L’Italia ha provato a tenere insieme le esigenze di industria ed ecologia proponendo un testo non perfettamente allineato con quello di Bruxelles. Cosa rischia? “La Commissione ora è chiamata a esprimere un parere, e verosimilmente chiederà al nostro Paese di adeguarsi”, prevede Mauro Albrizio, responsabile dell’ufficio europeo di Legambiente dall’apertura nei primi anni Duemila. “Se da una parte è vero che la direttiva non è stata recepita in maniera rigorosa – prosegue Albrizio – lo è altrettanto che il testo lascia alcuni margini interpretativi, una zona grigia all’interno della quale è possibile negoziare”. Gli sherpa sono già al lavoro; ma è inutile fare congetture: “Bisogna aspettare la posizione ufficiale dell’Unione europea” .

Se l’interpretazione italiana venisse ritenuta inadeguata, lo scenario che si apre sarebbe quello, estenuante, della burocrazia continentale: la Corte di giustizia dovrebbe validare la posizione della Commissione, che imporrebbe l’adeguamento. Nel caso l’Italia non ottemperasse, l’esecutivo europeo chiederebbe una multa, tornando di fronte ai giudici. Ma la sanzione verrebbe detratta dai contributi che i paesi ricevono da Bruxelles. E dal momento che, come noto, molti denari non vengono neppure spesi, sarebbe di fatto ininfluente. Anche perché il processo richiede in media cinquantaquattro mesi, oltre quattro anni.

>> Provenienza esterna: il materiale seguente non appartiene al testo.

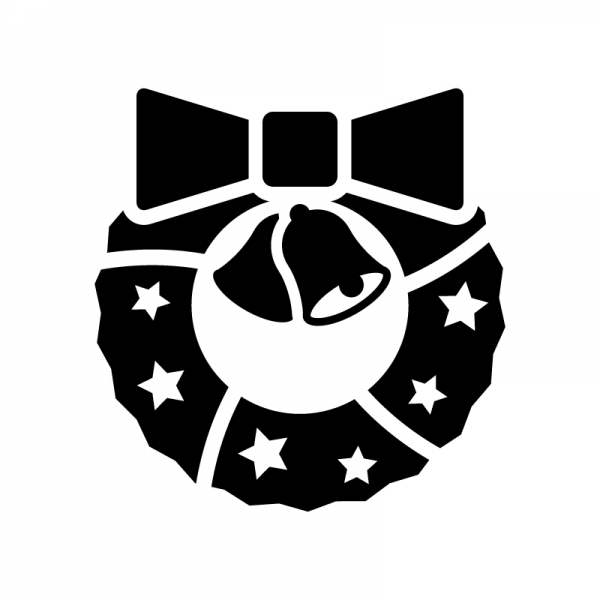 リボンとベルのクリスマスリースのシルエット03無料のAi・PNG白黒シルエットイラスト。
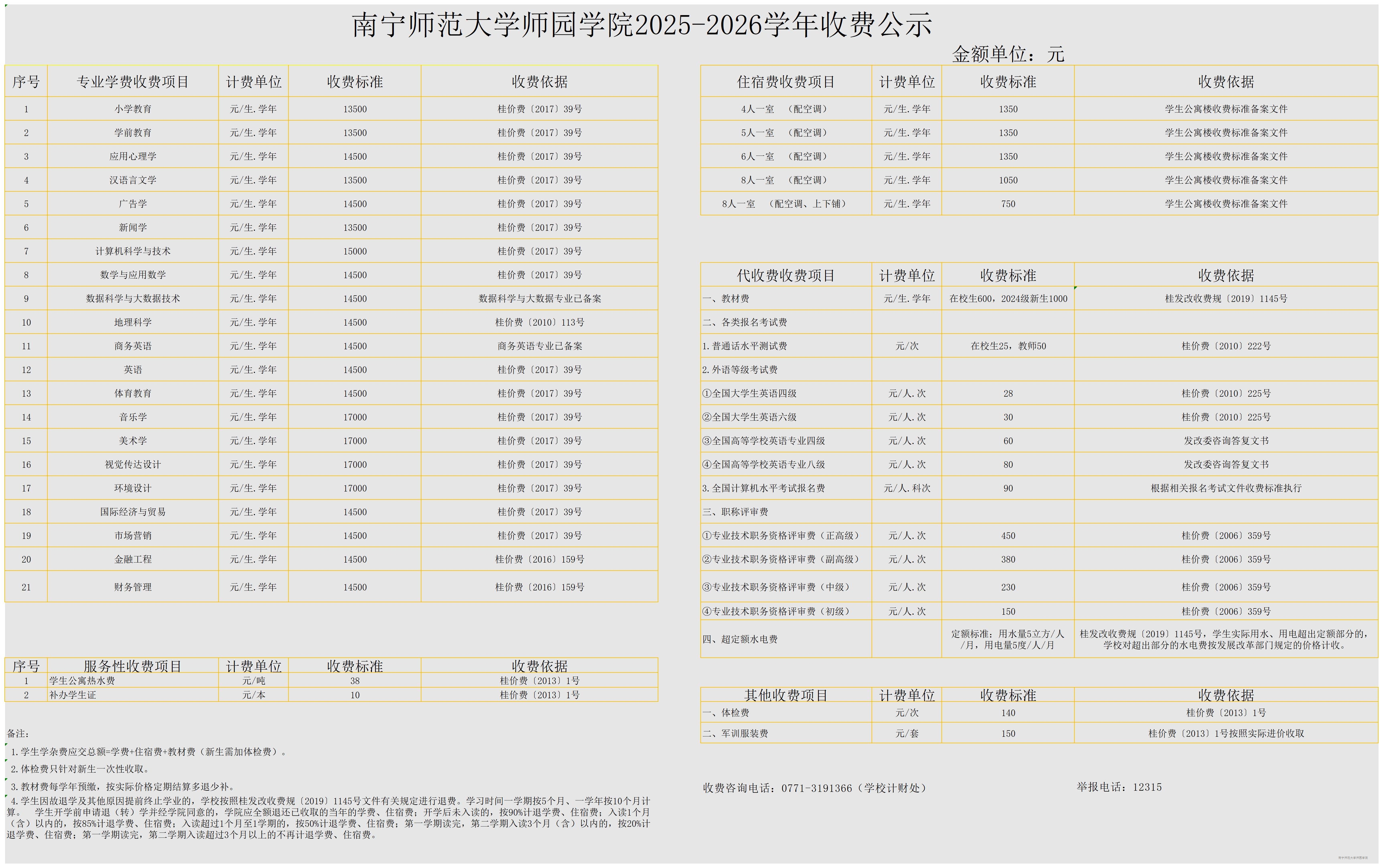 yabo鸭脖官网2025-2026学年收费公示
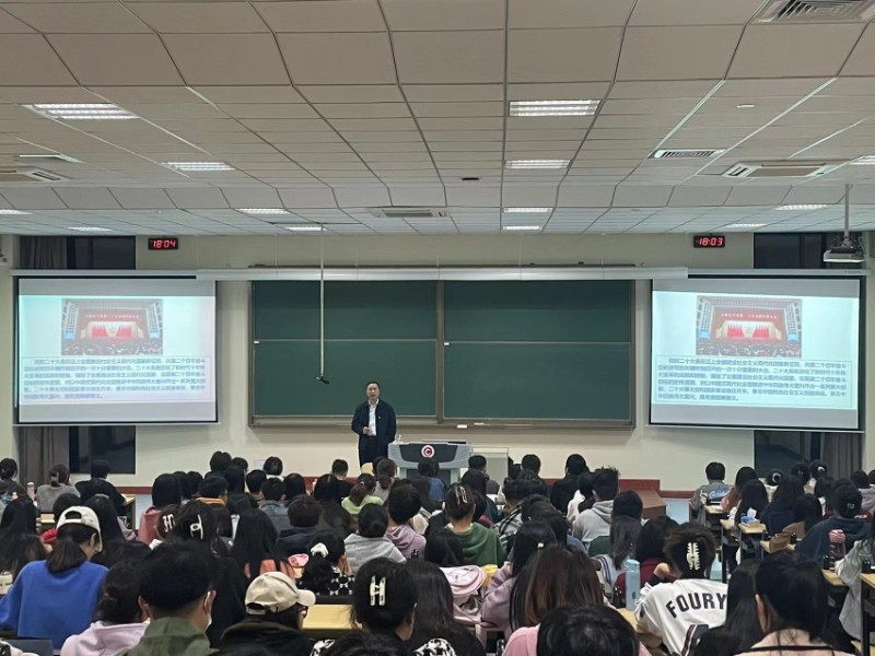 11月2日,ACG盒子 在立德楼X2阶开展“深入学习贯彻党的二十大精神”主题党课。中共常州市委二十大精神宣讲团成员、学院关工委丁恒龙教授应邀授课,学院全体党员及入党积极分子参加党课。

Albrizio, tuttavia, ritiene che la strategia del governo sia corretta. “La normativa europea non è troppo rigida, ma non tiene conto di alcune specificità nazionali. Dal mio punto di vista, l’Italia ha operato la scelta più efficace ed efficiente, sia dal punto di vista negoziale sia da quello ambientale. Per risolvere drasticamente il problema plastica è necessario incentivare l’ecodesign, ridurre gli imballaggi plastici e utilizzare plastiche biodegradabili: solo noi, a livello continentale, disponiamo di una raccolta dell’organico che le valorizza”. Il ministero della Transizione ecologica, contattato da Wired, ha preferito non commentare.